To this may be added the testimony of Timothy Flint, who had ample opportunities of judging of the effects of the proselyting scheme on the character of the Indians.

“During my long residence,” he observes, “in the Mississippi valley, I have seen them [the Indians] in every point of view, when hunting, when residing in their cabins, in their permanent stations, wild and unsophisticated in the woods, in their councils and deputations, when making treaties in our towns. I have seen their wisest, bravest, and most considered; and I have seen the wretched families that hang round the large towns, to trade and to beg, intoxicated subdued, filthy, and miserable, the very outcasts of nature. I have seen much of the Creeks and Cherokees, whose civilization and improvement are so much vaunted. I have seen the wretched remains of the tribes on the lower Mississippi, that stroll about New Orleans. I have taken observations at Alexandria and Nachitoches of the Indians of those regions, and from the adjoining country of New Spain. I have resided on the Arkansas, and have been conversant with its savages. While I was at St.

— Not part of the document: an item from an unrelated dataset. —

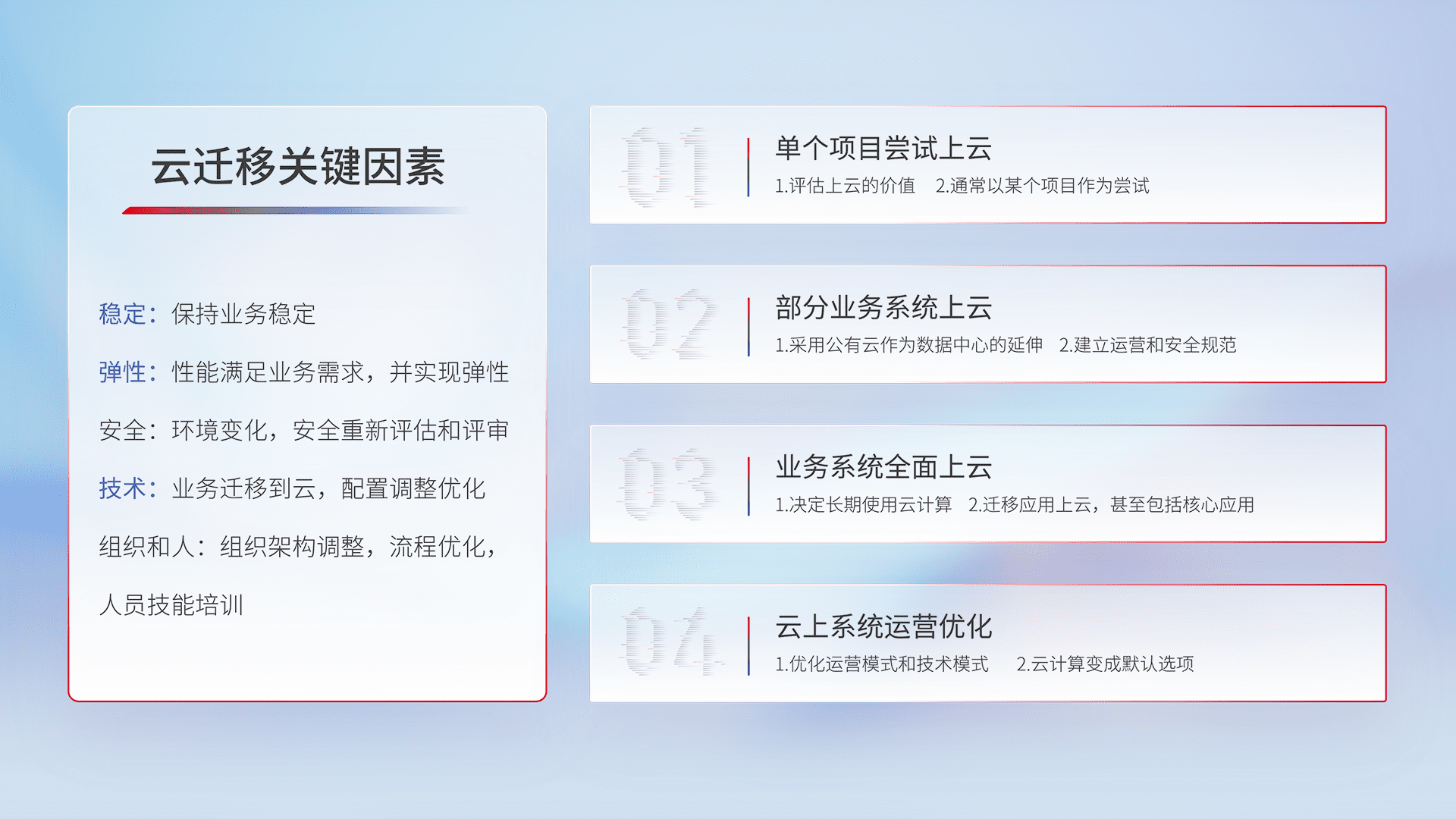 结合实际业务,,从规划设计、、、、云平台选型、、云原生改造、、数据迁移、、、集成交付,,,,迁移全过程为客户识别最佳上云路径,,做好风险识别管理,,,设计网络架构、、、、身份权限、、安全审计合规、、、、操作审计、、日志审计、、监控告警策略、、、多站点容灾设计等,,对云上基础设施进行整体规划,,,,提升IT治理水平,,,,以满足弹性、、、、高可用、、、、高性能的需求。。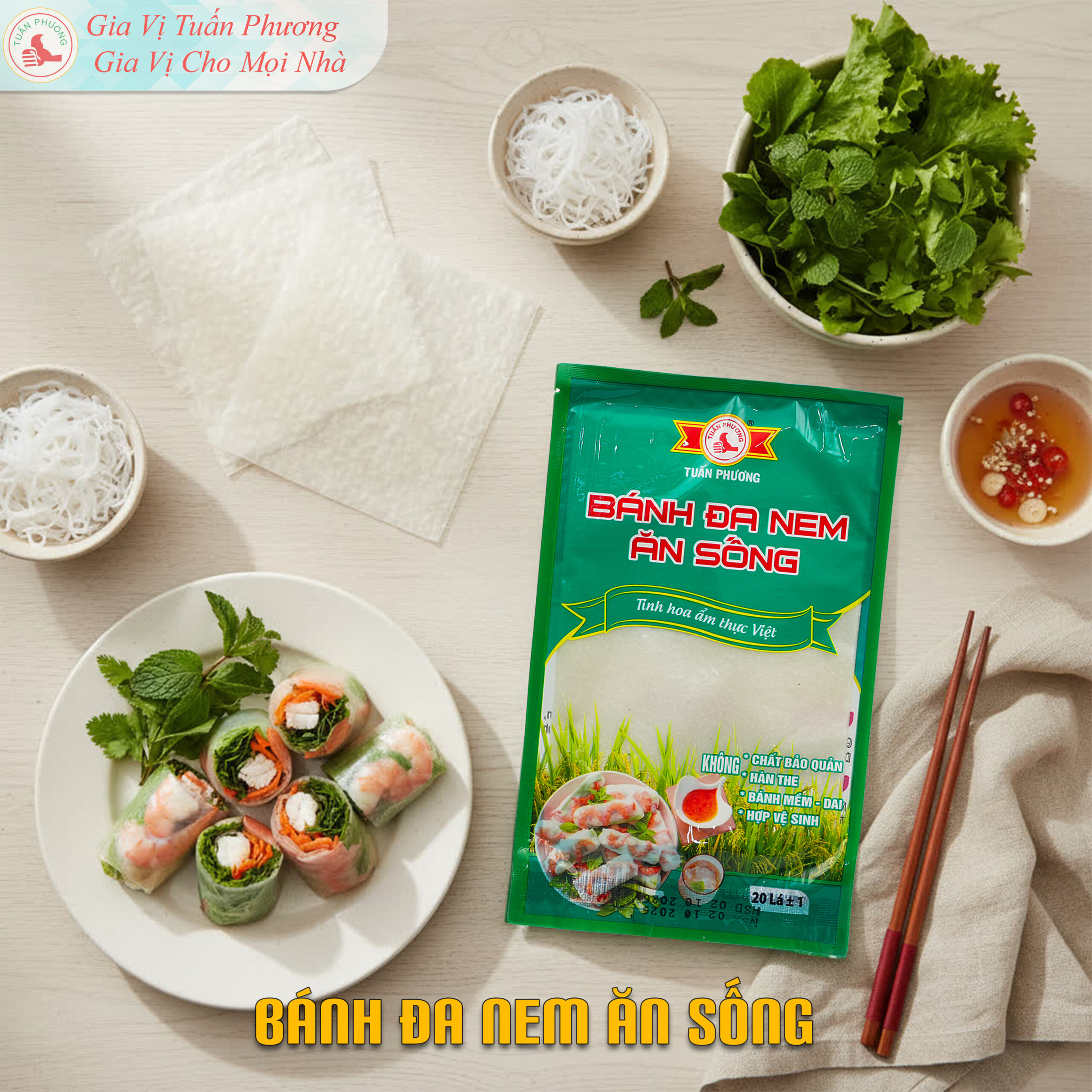 Bánh đa nem ăn sống Tuấn Phương là nguyên liệu được nhiều quán ăn, nhà hàng và bếp kinh doanh lựa chọn nhờ bánh mềm, dai vừa, dễ sử dụng và phù hợp phục vụ số lượng lớn. Sản phẩm phù hợp với các mô hình kinh doanh ăn uống cần chuẩn hóa chất lượng món cuốn, giúp thành phẩm đồng đều và ổn định trong quá trình phục vụ.

Charles, savages came down from the rocky mountains, so untamed, so unbroken to the ways of the whites, that they were said never to have eaten bread until on that trip. While I was at St. Louis, a grand deputation from the northern points of the Missouri, the Mississippi, and the Lakes, comprising a selection of their principal warriors and chiefs, to the number of 1800, was there for a length of time. They were there to make treaties and settle the relations which had been broken during the war, in which most of them had taken a part hostile to the United States. Thus I have inspected the Northern, the Middle, and Southern Indians for a length of ten years, and I mention it only to prove that my opportunities of observation have been considerable, and that I do not undertake to form a judgment of their character, without at least having seen much of it.”